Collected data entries
╭──
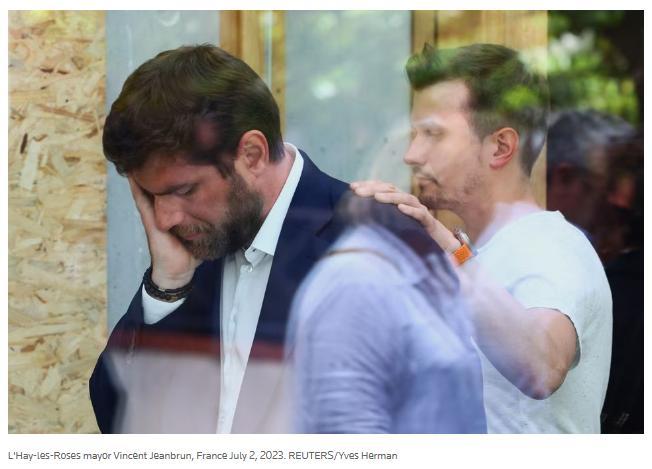 當(dāng)?shù)貢r間7月2日,家中遭襲擊后的法國拉伊萊羅斯市市長讓布蘭。圖片來源:路透社報道截圖
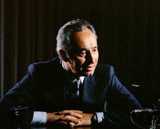 6 (of 8) Shimon Peres during a press conference at the Norwegian Nobel Institute, December 1994.
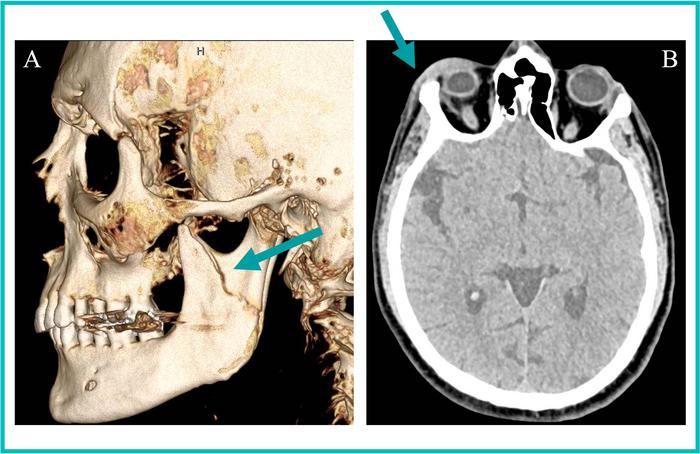 35-year-old transgender woman presents with (A) a 3D CT reformation of the face in the sagittal plane showing a left mandibular fracture (arrow). (B) An axial head CT image from one of three head CT studies over the last two years revealing right periorbital soft tissue swelling (arrow). The radiologist reader suspected intimate partner violence based on radiology reports, which was subsequently confirmed through clinical note examination.
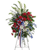 What a touching tribute this standing spray is! It includes red carnations, white lilies and snapdragons, blue delphinium and various greens.
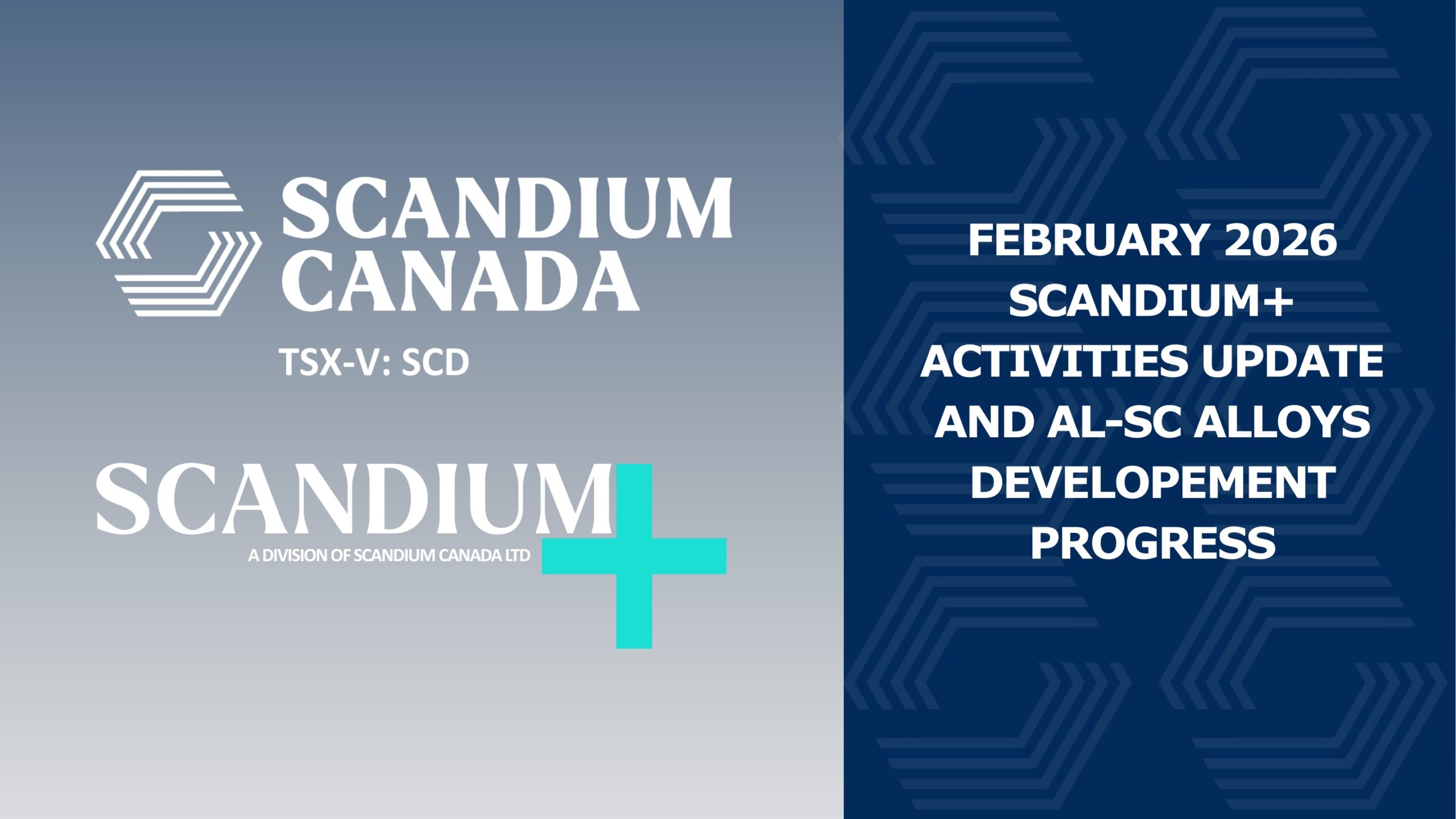 Building on the Productique Québec report completed in the fall of 2025, which identified 13 target applications for the Company’s Al-Sc alloys, including welding wires, aircraft ducting, and heat exchangers, Scandium Canada is actively expanding its outreach to industrial end users across key market segments, including aerospace, automotive, advanced manufacturing and 3D printing.
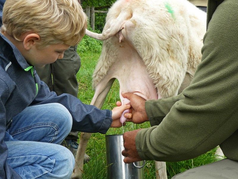 … und dazu noch selber gemolken. Eine interessante Erfahrung für eine Schar aufgeweckter Kinder beim Erlebnistag auf dem BungertHof.
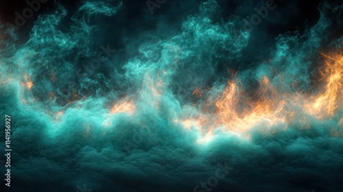 © mochalfin, Fototapeta premium Teal and orange fire and smoke abstract background.
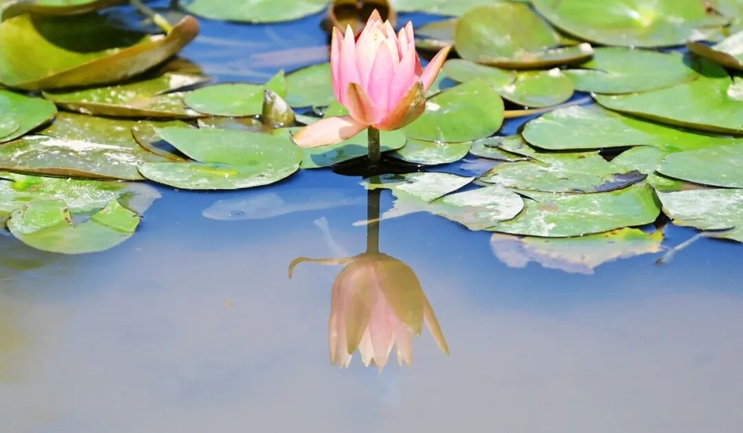 鱼戏莲叶间,睡莲悄然绽放。(摄于城西湿地公园)
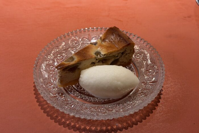 デザートは白胡麻と無花果チーズケーキと新高梨のシャーベット。
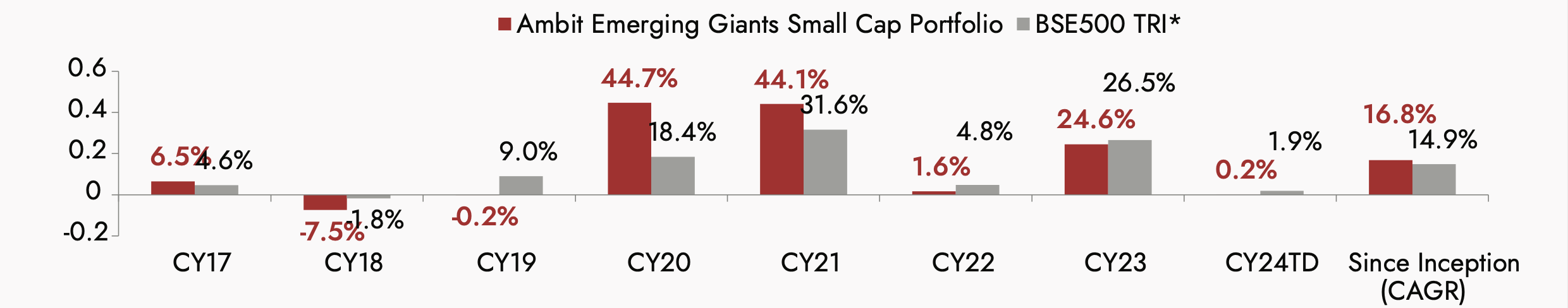 Source: Ambit; Portfolio inception date is December 1, 2017; Returns as of January 31st 2024; All returns above 1 year are annualized. Returns are net of all fees and expenses. *BSE 500 TRI is the selected benchmark for the Ambit Emerging Giants strategy and the same is reported to SEBI.
╰──
**TASK BRIEF:** Give again, word for word, every line from the top of the data above to the line holding "What a touching", inclusive, with the pictures left out.

**ANSWER:**
 當(dāng)?shù)貢r間7月2日,家中遭襲擊后的法國拉伊萊羅斯市市長讓布蘭。圖片來源:路透社報道截圖
 6 (of 8) Shimon Peres during a press conference at the Norwegian Nobel Institute, December 1994.
 35-year-old transgender woman presents with (A) a 3D CT reformation of the face in the sagittal plane showing a left mandibular fracture (arrow). (B) An axial head CT image from one of three head CT studies over the last two years revealing right periorbital soft tissue swelling (arrow). The radiologist reader suspected intimate partner violence based on radiology reports, which was subsequently confirmed through clinical note examination.
 What a touching tribute this standing spray is! It includes red carnations, white lilies and snapdragons, blue delphinium and various greens.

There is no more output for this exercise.